MICHAEL BLOOMBERG: Well, I think you look at most of the Arab countries, they have been, I think, very quiet in criticizing Israel. Hamas is a dangerous group of terrorists who wants to destabilize people and governments and take away peoples' rights. And Israel's position is that rockets have been fired from Gaza. They have a right and an obligation to protect their people. Israel, in all fairness, thirteen years ago, pulled out of Gaza demilitarized it and today you see Egypt and other Arab countries wanting to contain Gaza and keep the borders closed, as does Israel, because there are terrorists among them mixes. And, unfortunately, the Palestinians are paying a terrible price. It is a great tragedy because Hamas is putting themselves and their rockets in places where if Israel strikes back to stop the rockets, which they have no choice, you are, unfortunately, going to see casualties. And I think in all fairness, Secretary Kerry, at the request of the President, has been trying to find some solution to the problem. But whether there is a solution to the problem, I don't know. There's no simple answer to these kinds of things.


MICHAEL BLOOMBERG: You can't walk in and say the good guys are wearing white hats and the bad guys are wearing black hats. You don't know everybody has got the same color hat on and that's the thing that American troops have had to deal with in Iraq and Afghanistan. Exactly the same thing. You can't tell who you are fighting in this kind of war.

NORAH O'DONNELL: It's difficult to watch the images that we air on our network and other networks. This week a school attack that had thousands in there. It was described as bloody mattresses. Children killed who were sleeping next to their parents. The U.N. Secretary General Ban Ki-moon said Thursday, "Nothing is more shameful than attacking sleeping children." Did Israel go too far?

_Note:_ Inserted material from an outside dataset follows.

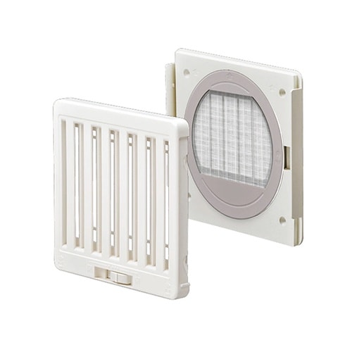 換気用レジスター角型フィルター付(内壁用樹脂製)直感で操作できるスライド開閉式。選べる3タイプのフィルター。 |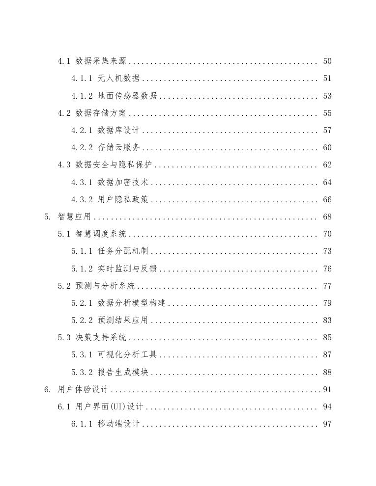 在农田巡查方面,智慧应用可以通过装配农业无人机,进行作物生长监测、病虫害检测和土壤状况分析,推动精准农业发展。数据采集后,系统可以通过AI算法对植物健康状态进行评估,并提出相应的农业管理建议。这样不仅能够提高作物产量,还能减少农药和化肥的使用,实现可持续发展。

MICHAEL BLOOMBERG: Israel cannot have a proportional response if people are firing rockets at their citizens. Can you imagine if one of the contiguous countries to America were firing rockets at America, the same people who are criticizing the Israelis would be going crazy demanding the President does more. Unfortunately, if Hamas hides among the innocent, the innocent are going to get killed because Israel just does not have any choice but to stop people firing-- Hamas firing rockets at their citizens. They have a right to defend themselves and America would do exactly the same thing.

NORAH O'DONNELL: Doesn't the Geneva Conventions lay out that you cannot attack schools or hospitals?

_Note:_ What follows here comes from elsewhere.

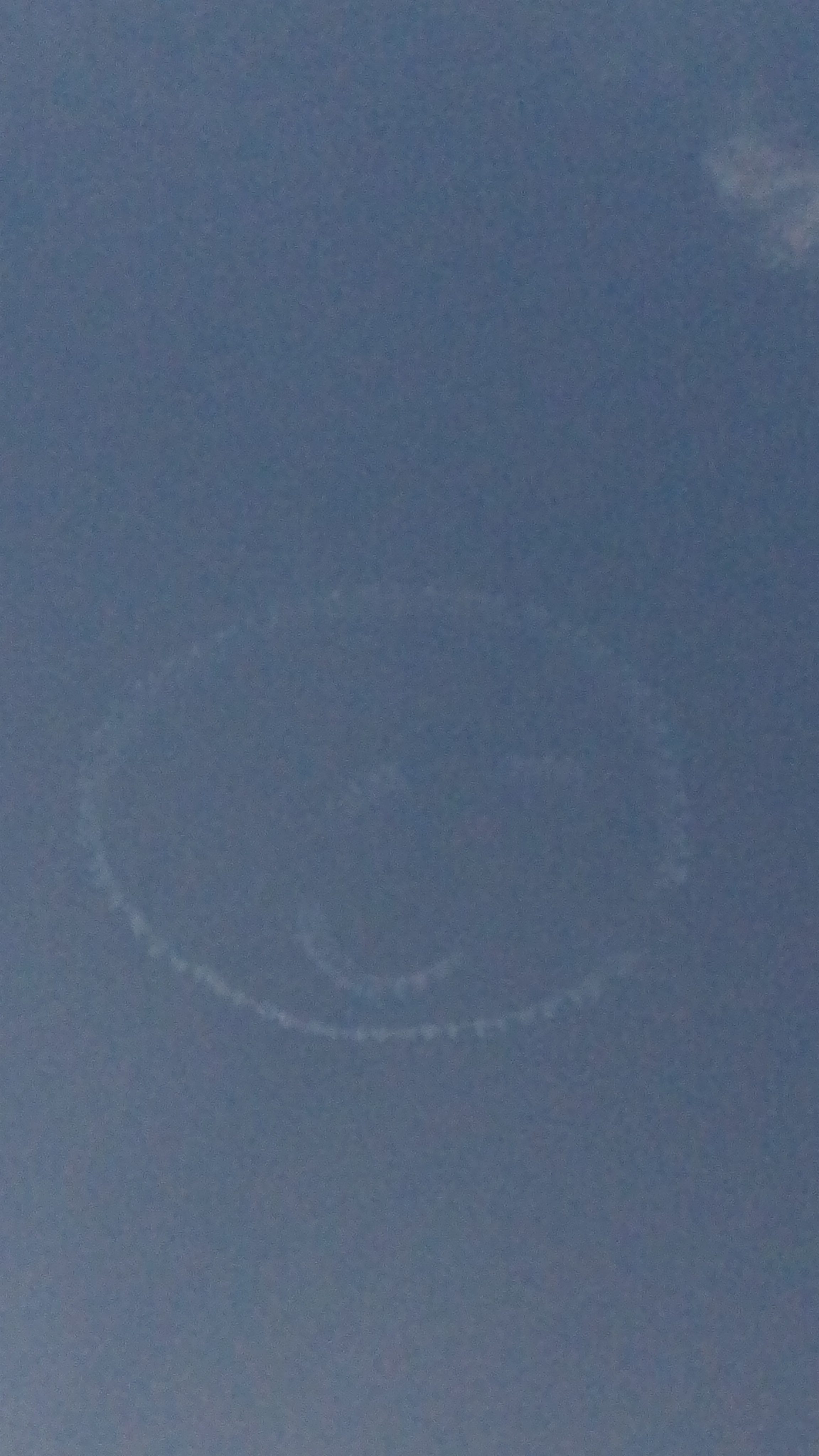 12:35分、音は聞こえていてもぜんぜん見えない大きさの飛行機が、見事に真上に飛行機雲(正確な呼称ではない)で空に絵が描かれてゆく!!

MICHAEL BLOOMBERG: Nobody is attacking schools or hospitals. We are attacking Hamas. But Hamas is standing in the middle of a hospital. If they had-- standing in the middle of a hospital and firing rockets at your kids, what would you expect us to do? Would you really want us to not try to stop them?


MICHAEL BLOOMBERG: And, unfortunately, if there are innocents getting killed at the same time it's not Israel's fault.

NORAH O'DONNELL: The White House called that attack totally indefensible?

VALERIE JARRETT: It was. But, look, this is why we thought the cease-fire was so important. And Secretary Kerry has been working vigilantly at the President's direction to be a constructive force. It's-- it's a devastating situation. Israel absolutely has the right to defend itself and we are Israel's staunchest ally, but you also can't condone the-- the killing of all of these innocent children. And so we are very concerned. We are monitoring the situation closely and Secretary Kerry will do everything within his power to try to be helpful here.

NORAH O'DONNELL: You're very close with the President. I mean is he-- how does he feel about this?

VALERIE JARRETT: He's very, very concerned, obviously.

NORAH O'DONNELL: Is he frustrated by the inability to--

VALERIE JARRETT: Well, sure, he's frustrated, of course. I think everyone involved is frustrated but you can't let your frustration get in the way of trying to be a constructive player here and that's what he's determined to do.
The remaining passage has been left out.